## [TASK DATA]
════════
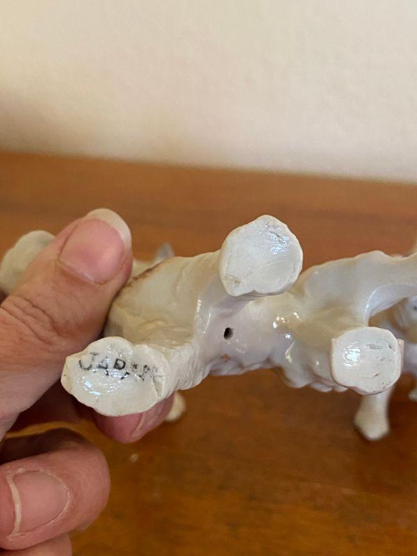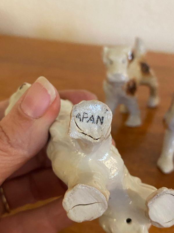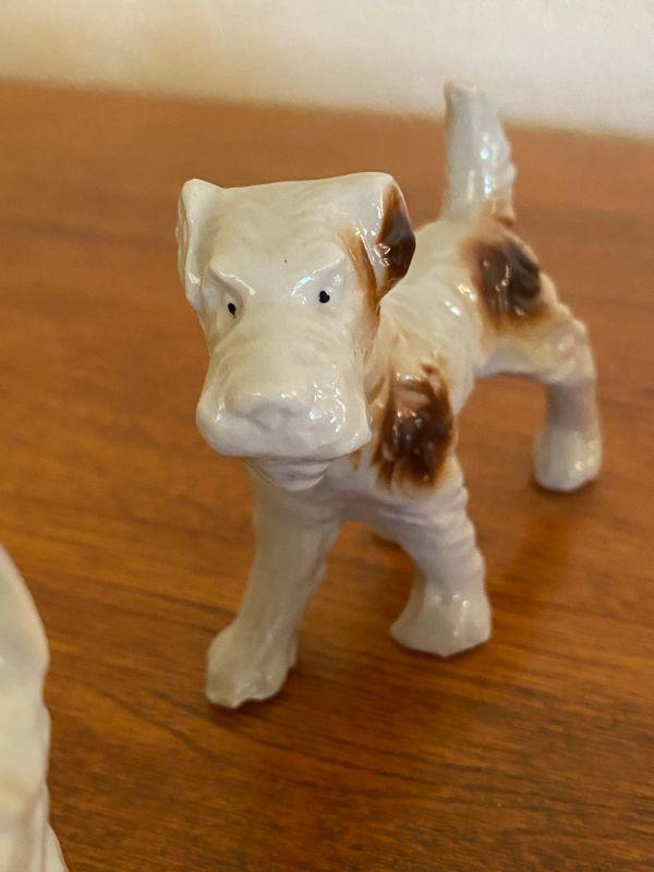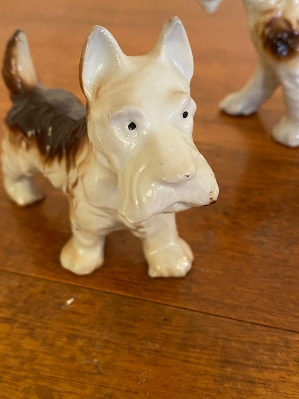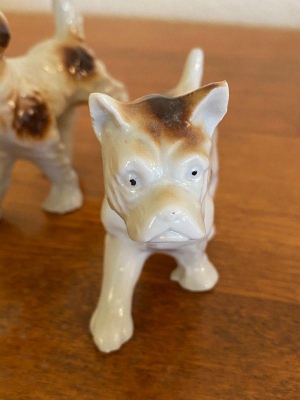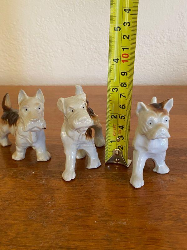Set of 3 vintage dog figurines. White and brown dogs, each one different. Made in Japan. Good condition.
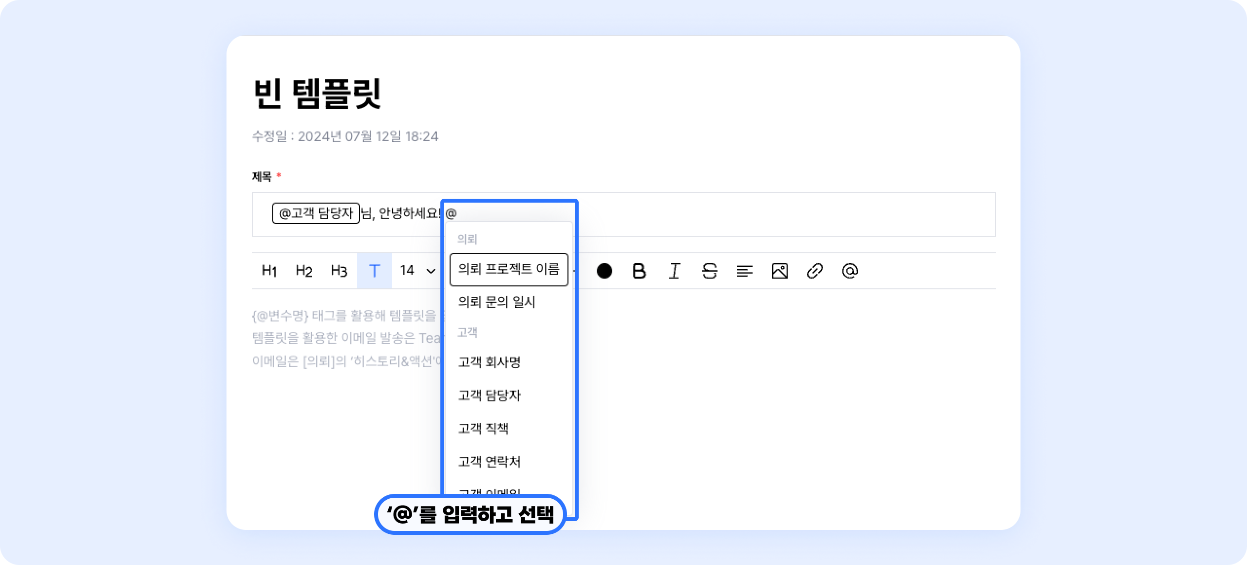 @를 입력하면 변수를 선택할 수 있는 화면이 나타나요.변수명 태그로 연결해두면, 의뢰에서 이메일을 발송할 때, 설정 부분이 자동으로 입력돼요.
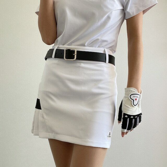 ≪細身≫pAハーフプリーツタイトスカート C240405-02 韓国ゴルフウェア 小さいサイズ スカート 夏 モノトーン 安い プチプラ 黒 白 ストレッチ シンプル トップス ゴルフ女子 可愛い 韓国ブランド プティオール
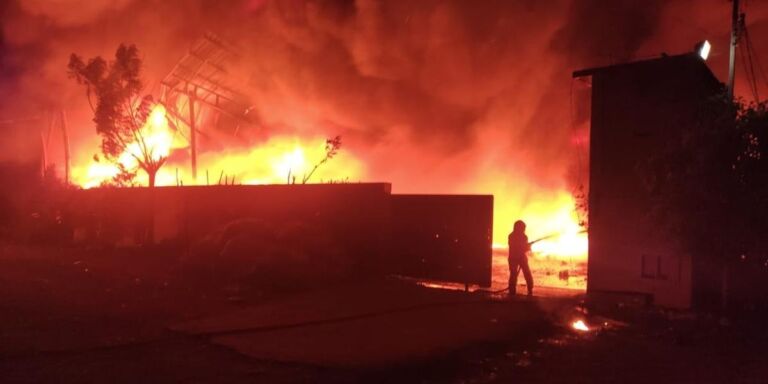 Incêndio destrói diversas casas; Bombeiros estão no local
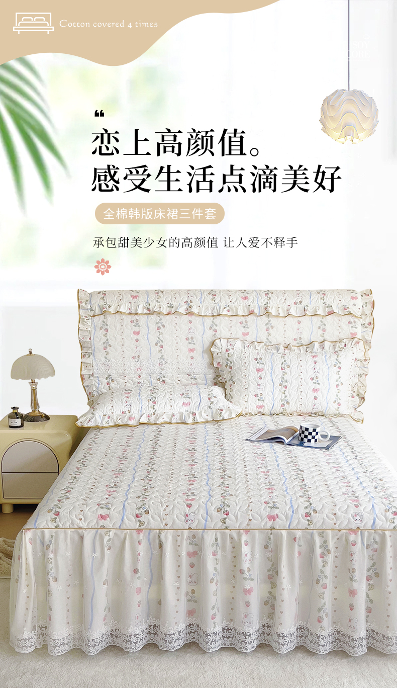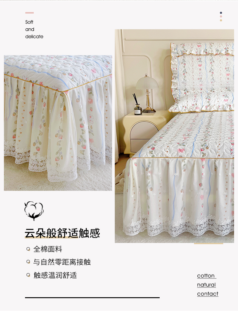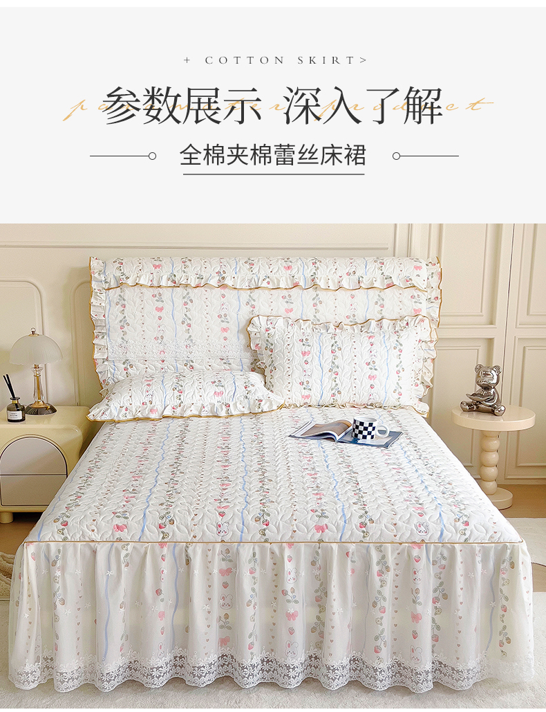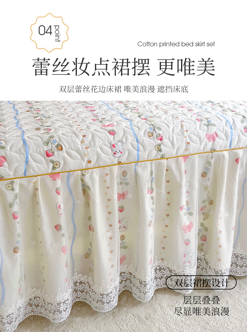 十个点 2024新款印花夹棉蕾丝单床裙-玲珑 花野兔
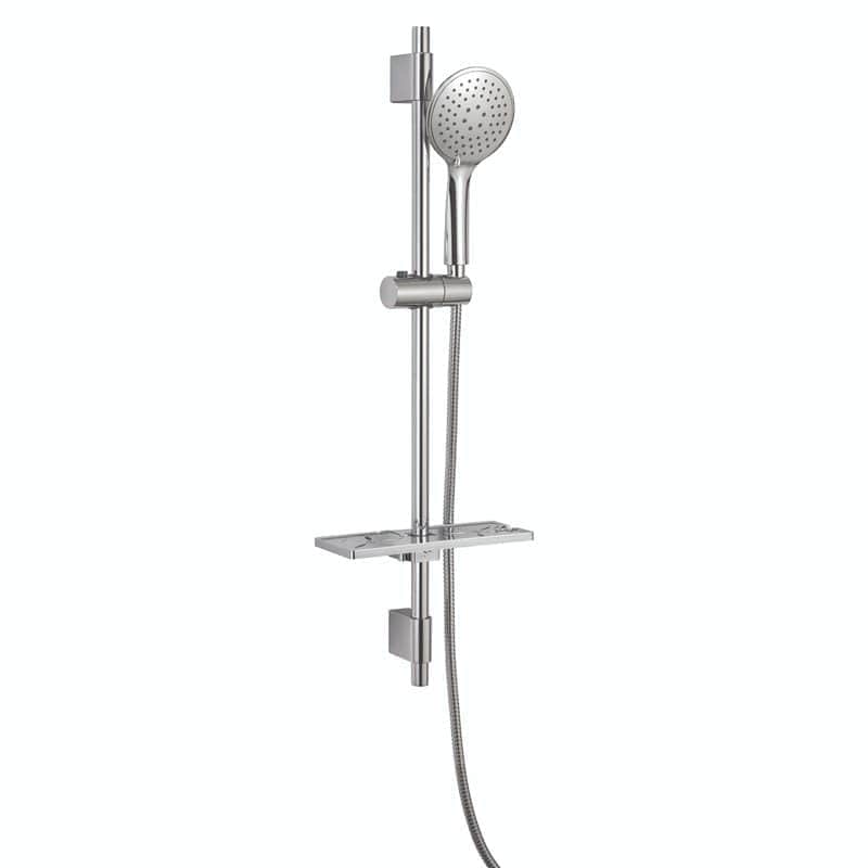 מערכת תליה למקלחת הכוללת: מוט נירוסטה באורך 80 ס"מ, צינור אמבטיה דופן כפולה באורך 1.50 מ', מקלח יד בעל 3 מצבי זרימה, סבונית מדף גדולה במיוחד להנחת בקבוקי שמפו, ומתלים מתכווננים לחורים הקיימים בקיר
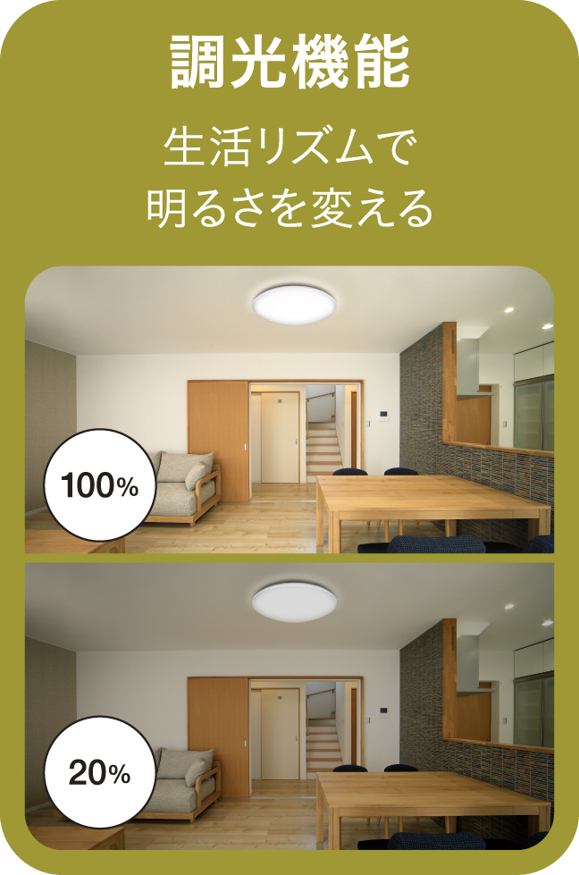例 8畳の場合:4299lm⇒3300lm 28.9W⇒23.1W 20%の省エネ
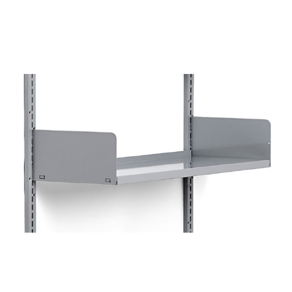 Konsol, over for fastgørelse af stålhylde. Passer til L- eller T-fod samt vægskinner. Vælg højre- og venstrekonsol, afhængig af hyldedybde.
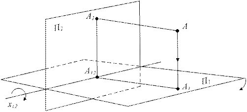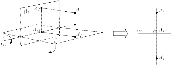 P1 - горизонтальная плоскость проекций; P2 - фронтальная плоскость проекций; x12 - линия пересечения плоскостей проекций, ось чертежа; А - оригинал; А1 - горизонтальная проекция точки А; А2 - фронтальная проекция точки А. Рисунок 1.7
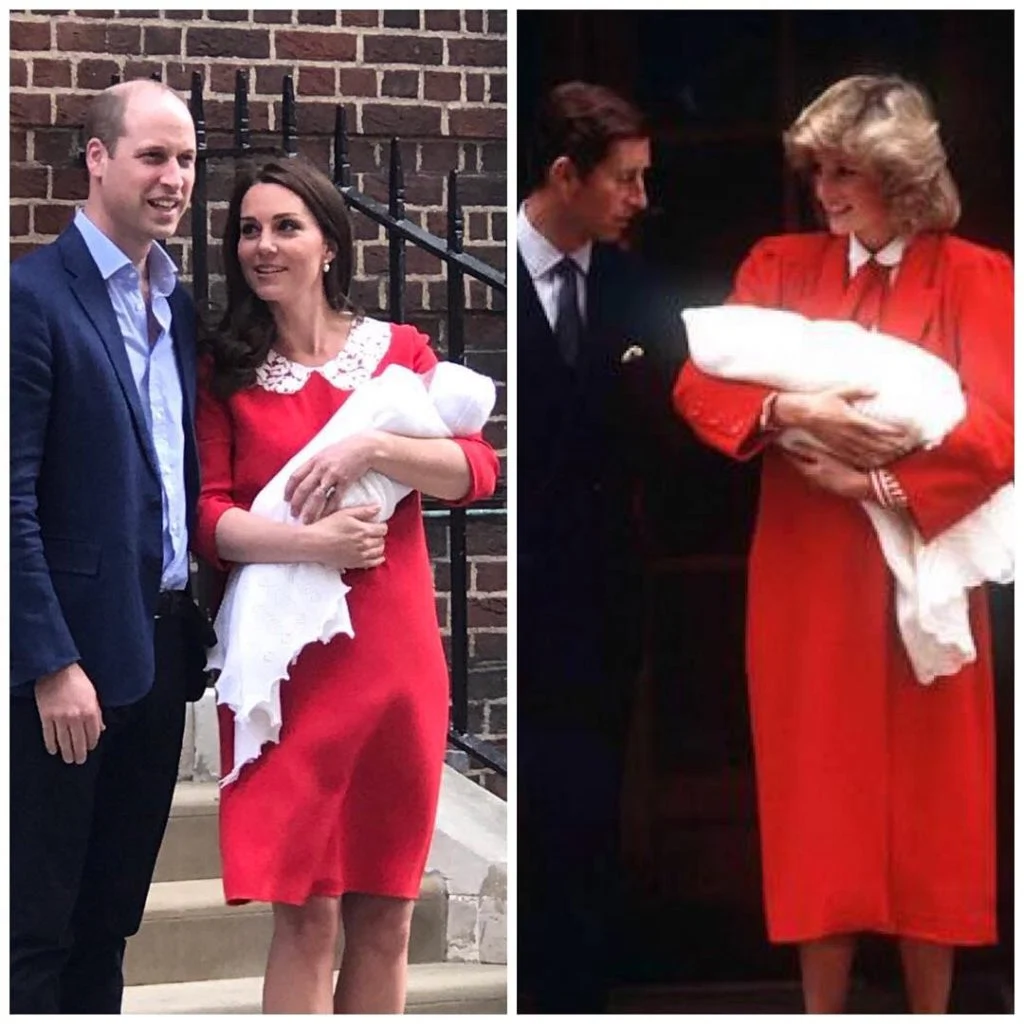 Upon closer inspection, the Duchess of Cambridge’s outfit is very similar to the one Princess Diana wore 33 years ago, when she presented Prince Harry to the world. Her red Jenny Packham dress with its white lace collar is reminiscent of her late mother-in-law’s long red coat, with accompanying white collar blouse.
════════
## [ACTIVITY]
Everything in the listing above, apart from its pictures, must be repeated exactly.

## [SOLVED PROBLEM]
Set of 3 vintage dog figurines. White and brown dogs, each one different. Made in Japan. Good condition.
 @를 입력하면 변수를 선택할 수 있는 화면이 나타나요.변수명 태그로 연결해두면, 의뢰에서 이메일을 발송할 때, 설정 부분이 자동으로 입력돼요.
 ≪細身≫pAハーフプリーツタイトスカート C240405-02 韓国ゴルフウェア 小さいサイズ スカート 夏 モノトーン 安い プチプラ 黒 白 ストレッチ シンプル トップス ゴルフ女子 可愛い 韓国ブランド プティオール
 Incêndio destrói diversas casas; Bombeiros estão no local
 十个点 2024新款印花夹棉蕾丝单床裙-玲珑 花野兔
 מערכת תליה למקלחת הכוללת: מוט נירוסטה באורך 80 ס"מ, צינור אמבטיה דופן כפולה באורך 1.50 מ', מקלח יד בעל 3 מצבי זרימה, סבונית מדף גדולה במיוחד להנחת בקבוקי שמפו, ומתלים מתכווננים לחורים הקיימים בקיר
例 8畳の場合:4299lm⇒3300lm 28.9W⇒23.1W 20%の省エネ
 Konsol, over for fastgørelse af stålhylde. Passer til L- eller T-fod samt vægskinner. Vælg højre- og venstrekonsol, afhængig af hyldedybde.
 P1 - горизонтальная плоскость проекций; P2 - фронтальная плоскость проекций; x12 - линия пересечения плоскостей проекций, ось чертежа; А - оригинал; А1 - горизонтальная проекция точки А; А2 - фронтальная проекция точки А. Рисунок 1.7
 Upon closer inspection, the Duchess of Cambridge’s outfit is very similar to the one Princess Diana wore 33 years ago, when she presented Prince Harry to the world. Her red Jenny Packham dress with its white lace collar is reminiscent of her late mother-in-law’s long red coat, with accompanying white collar blouse.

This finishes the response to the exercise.